B-splines regression, out-of-sample predictions

Hi all,

I am trying to fit a B-splines model to some longitudinal data. I defined the model like this (using a skewed normal instead of a regular normal distribution as the likelihood, see https://www.pymc.io/projects/docs/en/latest/api/distributions/generated/pymc.SkewNormal.html).

COORDS = {"splines": np.arange(numKnots+2)}

with pm.Model(coords=COORDS) as model:
    x = pm.MutableData('x', value=data.x)
    B = dmatrix(
    "bs(x, knots=knots, degree=3, include_intercept=True) - 1",
    {"x": x.value, "knots": iKnots},
    )
    a = pm.Normal("a", 0, 3)
    w = pm.Normal("w", mu=0, sigma=2, dims="splines")
    mu = pm.Deterministic("mu", a + pm.math.dot(np.asarray(B, order="F"), w.T))

    sigma = pm.HalfStudentT("sigma", nu=4, sigma=1)
    alpha = pm.Normal("alpha", mu=0, sigma=5)
    
    # Compute the mean of a skewed normal distribution.
    mean = pm.Deterministic("mean", mu + sigma * np.sqrt(2/np.pi) * (alpha/np.sqrt(1 + np.power(alpha, 2))))

    y = pm.SkewNormal("y", mu=mu, sigma=sigma, alpha=alpha, observed=data.y, 
                      shape=len(data.x))

I was wondering if it is possible to make out-of-sample posterior predictions with this model as I would like to compute the mean (see definition in the model specification) for values that lie in between those in data.x.

I first tried simply using pm.set_data({'x': newData.x}) and then run pm.sample_posterior_predictive(iData, var_names=['mean'], random_seed = 6) but this just produced predictions for the original x data.

So I then tried the following:

with model:
    x_new = list(range(430)) # these are just some random new data that lie within the limits of data.x
    B = dmatrix(
    "bs(x, knots=knots, degree=3, include_intercept=True) - 1",
    {"x": x_new, "knots": iKnots},
    )
    mu_hat = pm.Deterministic("mu_hat", a + pm.math.dot(np.asarray(B, order="F"), w.T))
    mean_hat = pm.Deterministic("mean_hat", mu_hat + sigma * np.sqrt(2/np.pi) * (alpha/np.sqrt(1 + np.power(alpha, 2))))
    ppc = pm.sample_posterior_predictive(iData, var_names=["mu_hat", "mean_hat"], random_seed=6)

because I thought that B and mu need to be reevaluated when passing new data.
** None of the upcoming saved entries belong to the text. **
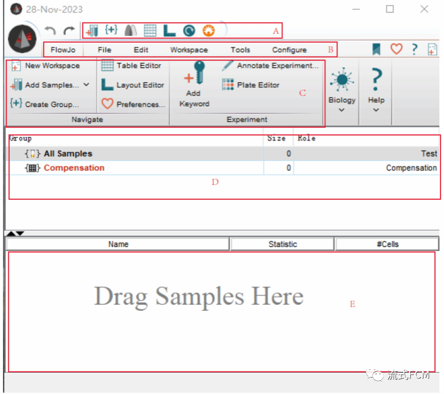 FlowJo_10.8.1的主界面如下图所示,主要分为A至E这五个区域。
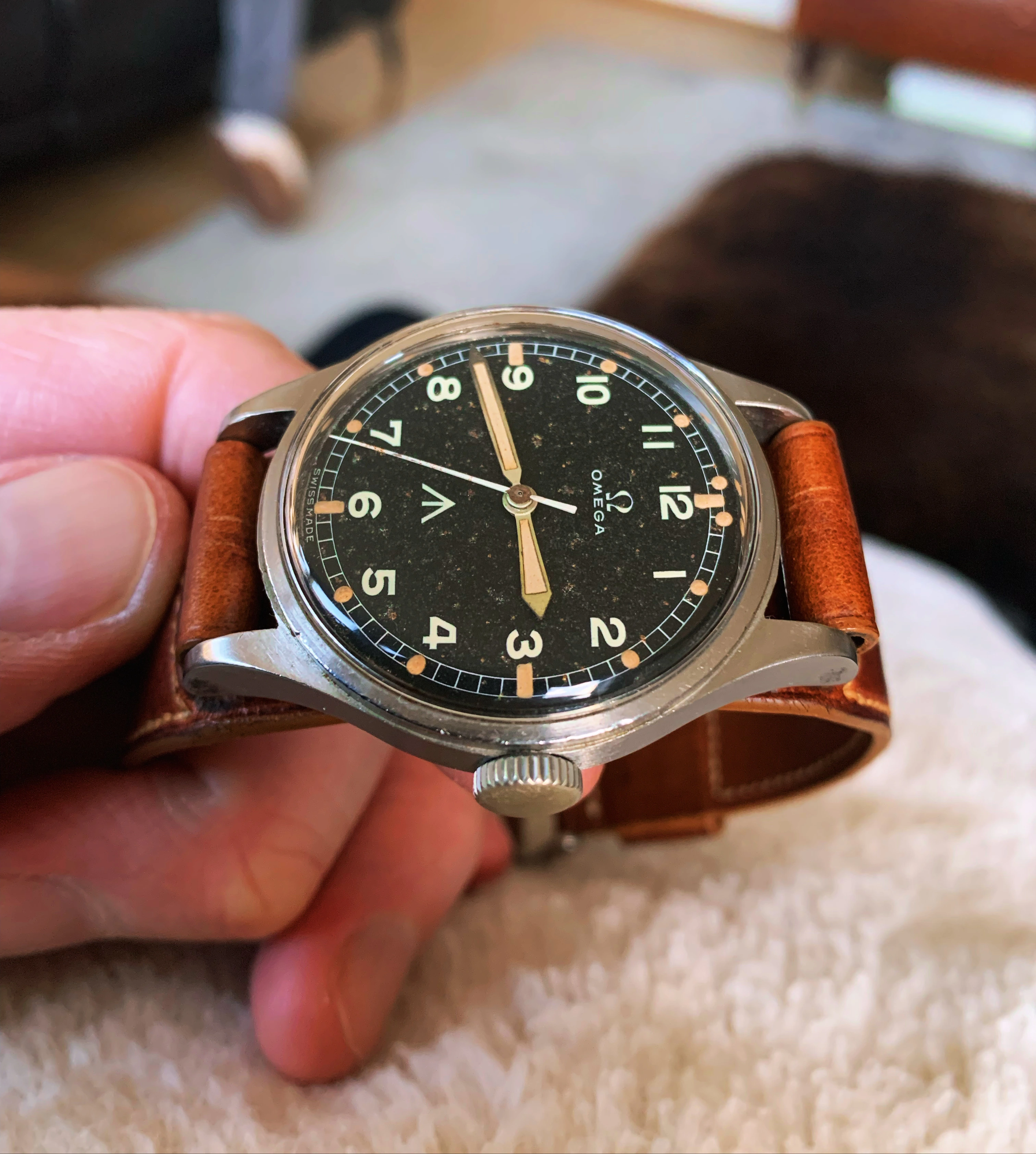 路Perfect amount of patina on this Omega 53 thin arrow all original radium dial, these were all re called to the mod to replace the radium with tritium in 1962 but a small amount maybe a couple of hundred escaped for various reasons, this particular one was found in 1973 by a raf mechanic in the running gear of an raf baggage loader and was then sat in a drawer and wound from time to time for 50 years before I got my hands on it 馃槉
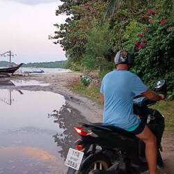 Inak po jazde na motorke v riadnom lejaku sme kvalitne premočení a to sme tu v období sucha, keď nemá padnúť ani kvapka. V skutočnosti je okolo celého ostrova čierňava a počasie vôbec nepôsobí tropicky. (Maja nesúhlasí, celý deň sa ma snaží zhypnotizovať, že počasie je perfektné).
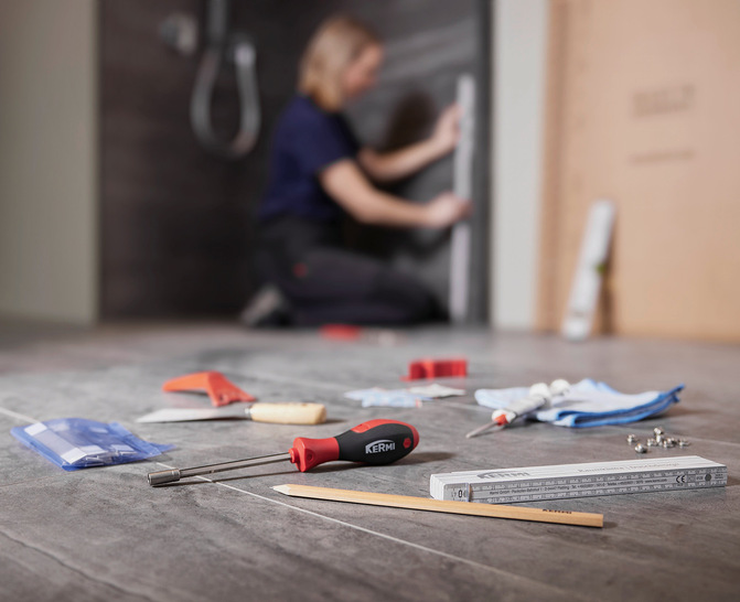 Bei KermiGlue handelt es sich um eine Klebetechnik, mit der neben ausgewählten Badewannenaufsätzen und Bauformen der Walk-In XB auch zahlreiche Duschkabinenbauformen der Serie Liga ohne Bohren montiert werden. Die Befestigung erfolgt laut Anbieter schnell, einfach und dauerhaft stabil. Der verwendete Hochleistungsklebstoff zeichnet sich durch Langzeitstabilität, Wasser- und Alterungsbeständigkeit sowie seine Belastbarkeit aus. Er haftet zuverlässig auf vielen herkömmlichen Badoberflächen, es ist lediglich eine gründliche Vorreinigung der Oberfläche nötig. Auch eine rückstandsfreie Demontage ist kein Problem. Das Klebeset, bestehend aus einem Hochleistungsklebstoff und innovativen Montagezubehörkomponenten, ist speziell für die Installation einer Dusche konzipiert.
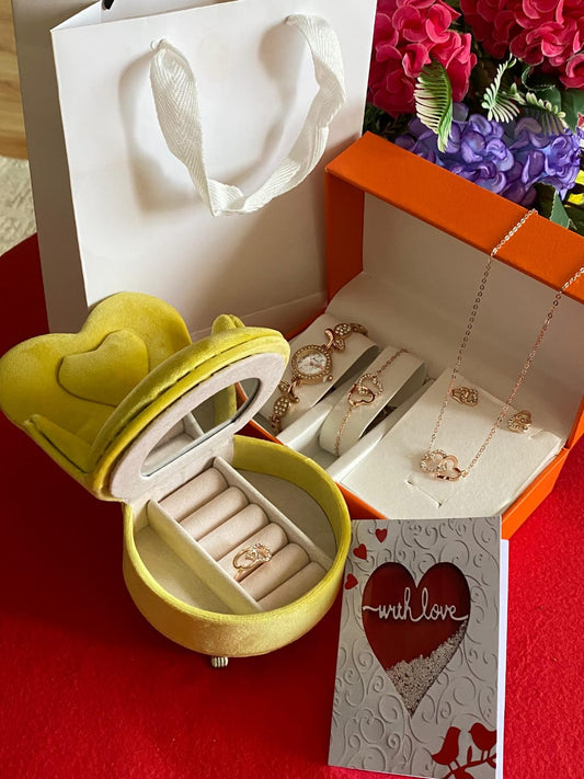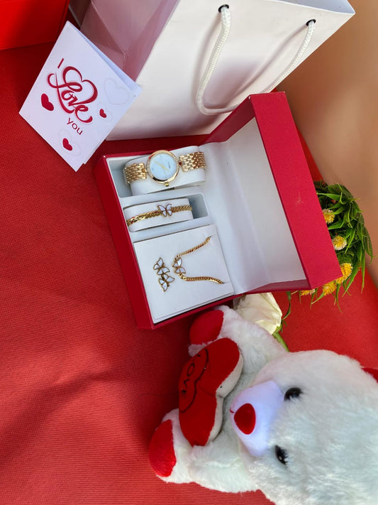 This luxurious Valentines 5-in-1 Gift Pack is the perfect way to express affection, offering a complete set of coordinated accessories and thoughtful presentation elements. The main set typically includes a stylish wristwatch, a matching necklace, a bracelet, and a pair of earrings, all presented in a beautiful gift box. To...
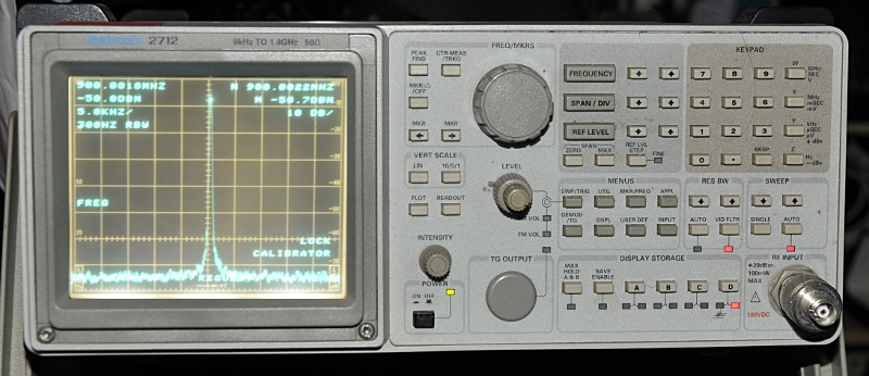 The noise performance is very good. Down here is a picture of the 9th harmonic of it’s internal 100 MHz calibrator at 300Hz RBW.
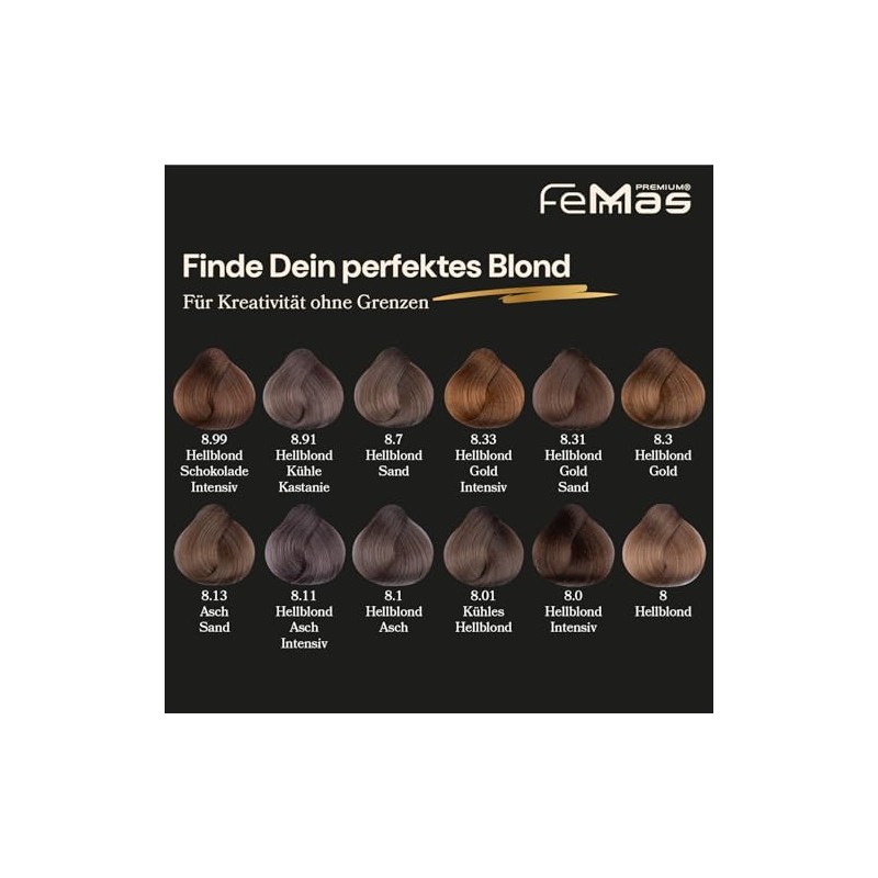 SO INDIVIDUELL WIE DU: Mit unserer FemMas Oxycreme (separat erhältlich), wahlweise mit 3%, 6%, 9% & 12%, mischt Du Dir Deine ganz individuelle Farbnuance und hellst Deine Haare dabei um 1 bis 5 Nuancen auf. (Gebrauchtsanwendung ist im Anhang)

However, this results in really big HDIs for mu_hat and mean_hat. So I’m wondering what I’m doing wrong here and what’s the proper way to do it (if possible).

Thanks in advance!

1 Like

I think this is the type of problem that you could solve easily with Bambi. There’s no family with the SkewNormal likelihood though so we need to write a custom family (I can show you if want).

If Bambi is an option for you, let me know and I can help :slight_smile:

Try included the values that you want to see in data. It shouldn’t matter that data.y will be missing for these x values, PyMC will simply treat the missing values as additional variables (it may slow down sampling a hair).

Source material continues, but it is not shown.